The effect of mutations in various SPI2 genes encoding the T3SS, translocon proteins or STE gene sifA on the secretion of SseC and SseD by intracellular Salmonella are summarized in Table I. SseC and SseD were not detectable in host cells infected with strains deficient in regulator SsrB or the structural T3SS component SsaV, but were also absent in cells infected with spiC or sseB strains. In line with observations on the secretion in vitro (Nikolaus et al, 2001), an sseC mutant strain was able to secrete low amounts of SseD and vice versa. Lack of SifA, an effector required for induction of tubular aggregates of endosomes and maintenance of the SCV in Salmonella‐infected cells (Beuzon et al, 2000), had no effect on the secretion of SseC and SseD.
The distribution of translocon proteins and translocated effector proteins in Salmonella‐infected macrophages was compared. We previously used an HA epitope‐tagged derivative of effector protein SseJ to follow SPI2‐dependent translocation in macrophages (Jantsch et al, 2003). Immunostaining for SseJ‐HA and SseC or SseD revealed that the translocon proteins were predominantly located on the surface of S. Typhimurium, while the translocated effector protein appeared distant from the bacteria (data not shown).
We also investigated the appearance of SPI2‐dependent surface structures in vivo by EM of ultrathin sections (Figure 6). On a few occasions, where the intracellular bacteria were not entirely enclosed by the membrane of the SCV, appendages on the surface of wild‐type bacteria were detectable (Figure 6A, B, C and E). Such structures were never observed on the surface of SPI2 null mutant strains. The shaft of the appendages (Figure 6B, indicated by arrowhead) had a regular appearance and a diameter similar to that of the unsheathed inner structures shown in Figure 2B. The tips of the appendages had slightly larger diameters and the sheathed part of the appendage is indicated by an arrow in Figure 6B. Intracellular Salmonella are often in tight contact with the SCV membrane (Figure 6C). Occasionally, projections of the bacterial envelope were observed that were enclosed by the SCV membrane (Figure 6C, arrows). Immunogold‐labeling indicated the presence of SseB in the bacterial cytoplasm and the distal part or the appendage (Figure 6D and E).
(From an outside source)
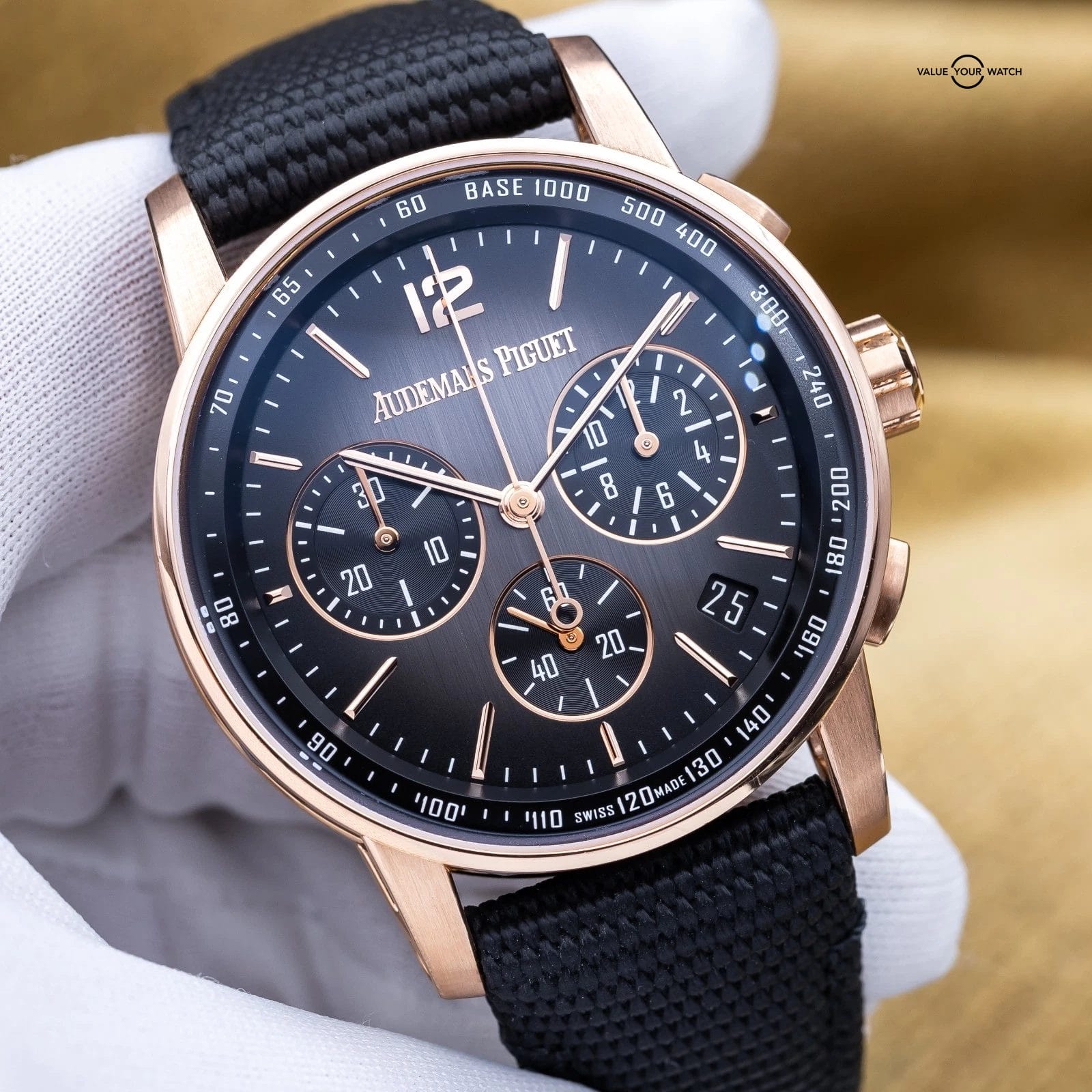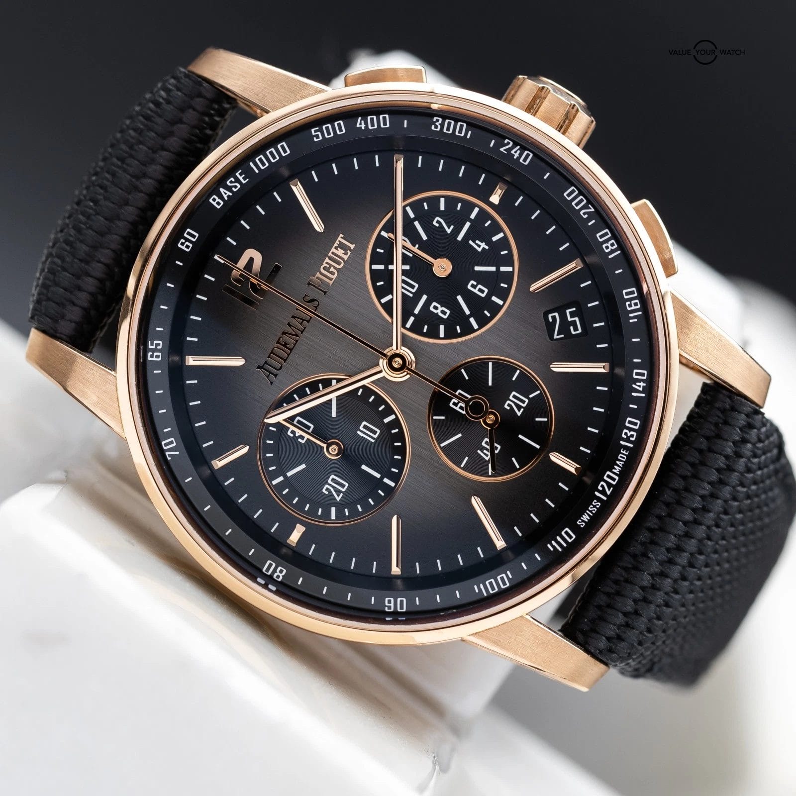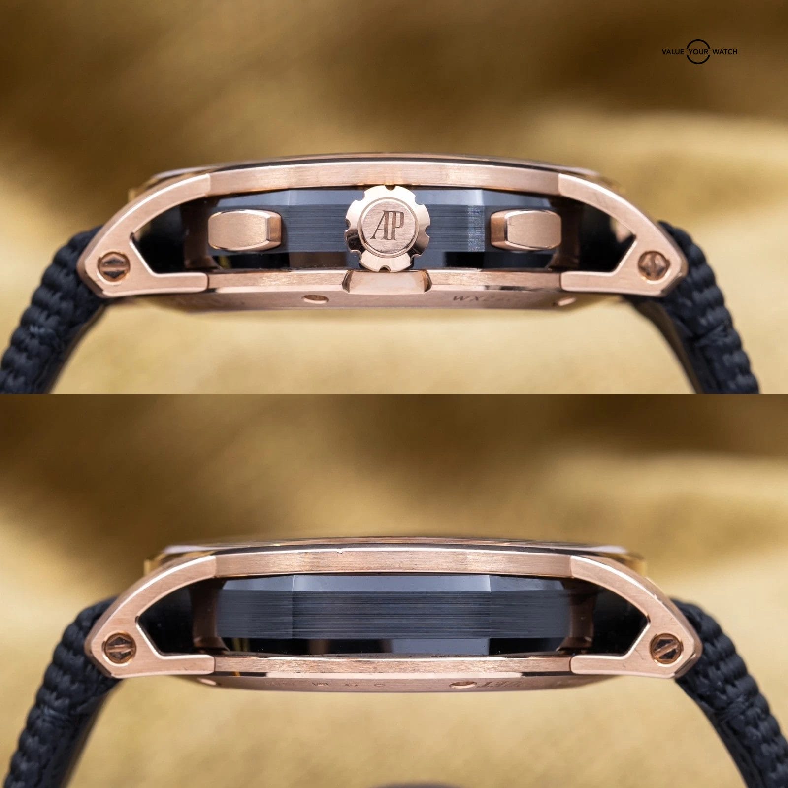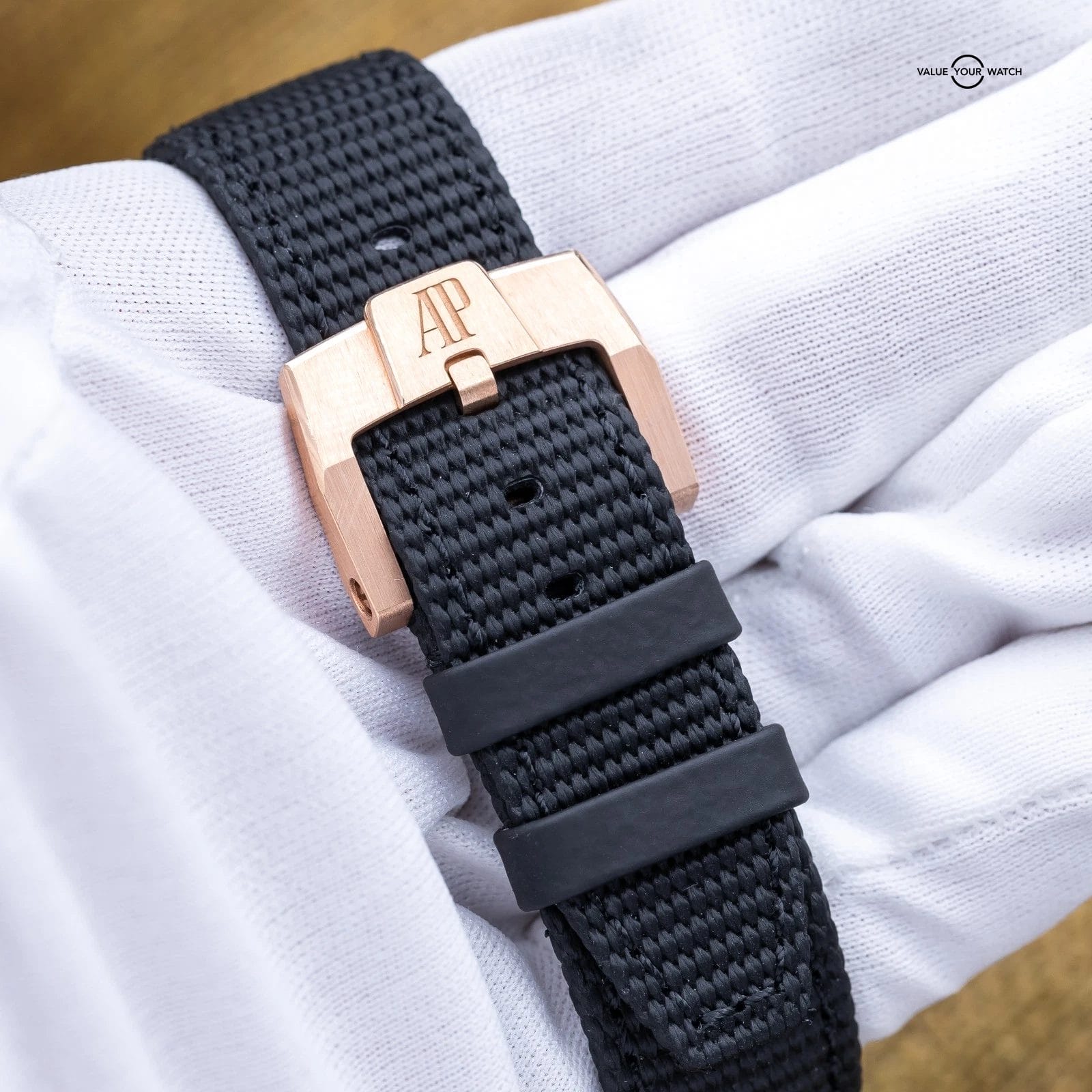Up for sale is this badass Rose Gold Code 11.59 chronograph. The rose gold ceramic sandwich case design with the concave crystal and innovative lugs are a marvel. The smoked grey dial with vertical satin brushing will keep you occupied for hours on end! The case houses the calibre 4401 Flyback Chronograph movement, a more complicated version of the standard chronograph that allows on-the-fly resetting while it’s running. You can see the intricacies of this complicated movement through the open case back. AP has hit a home run with the new Code 11.59’s. Don’t miss your chance to get this one below retail and without the boutique wait!
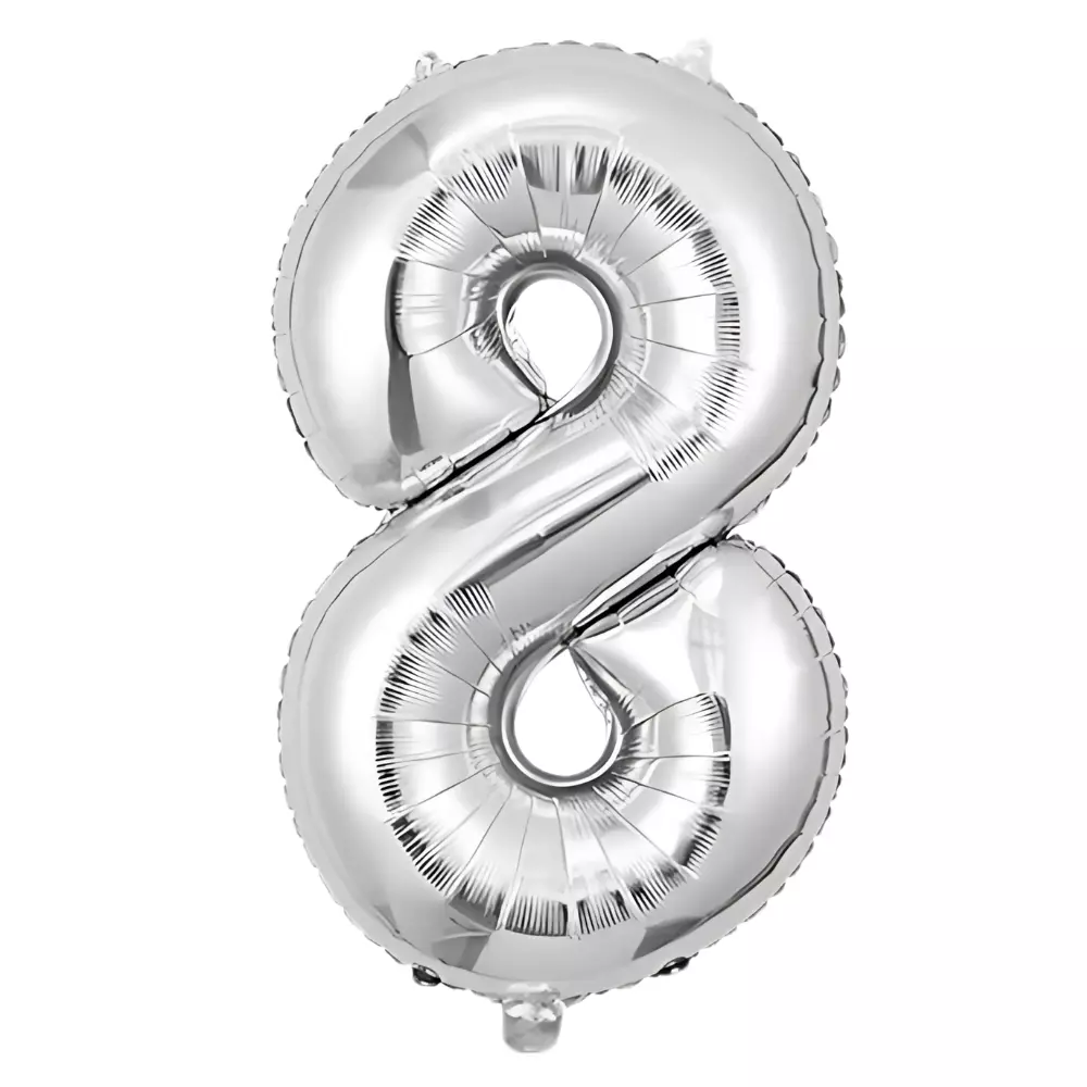 Фольгована куля у формі цифри «8» сріблястого кольору -

In vivo function of the SPI2‐encoded T3SS
The secretion of substrate proteins of the SPI2‐encoded T3SS can be induced in vitro by growth in media with acidic pH (Beuzon et al, 1999; Klein and Jones, 2001; Nikolaus et al, 2001). We have recently reported that acidic pH is required for the assembly of a functional T3SS, especially of the secretion pore in the outer membrane composed of an oligomer of SsaC (Rappl et al, 2003). We reasoned that these media conditions mimic the acidic pH of the SCV in vivo and that acidic pH is required for the assembly of a functional T3SS. It has also been proposed that acidic pH is a signal that triggers the expression of SPI2 genes (Cirillo et al, 1998; Garmendia et al, 2003). To test these hypotheses, we analyzed the secretion of SseC and SseD by intracellular bacteria in the presence or absence of bafilomycin A1 (BAF), an inhibitor of the V‐ATPase that is used to block acidification of phagosomes. In addition, BAF also affects the formation of vesicles, alters the intraphagosomal environment and induces apoptosis (Tapper and Sundler, 1995; Yamamoto et al, 1998). In order to separate the effects of this inhibitor, we first determined the minimal concentration required to inhibit phagosomal acidification under our assay conditions. We found that concentrations of 10–50 nM BAF were sufficient to fully prevent phagosomal acidification as indicated by acridine orange (AO) staining of living cells (Figure 7A). Higher concentrations of BAF resulted in altered morphology and detachment of cells, while a low proportion of vacuoles remained acidified in the presence of 5 nM BAF (Supplementary Figure 4). The addition of BAF caused reduced intracellular proliferation of wild‐type S. Typhimurium at concentrations of 5 nM and full inhibition at 10 nM or higher (Supplementary Figure 5).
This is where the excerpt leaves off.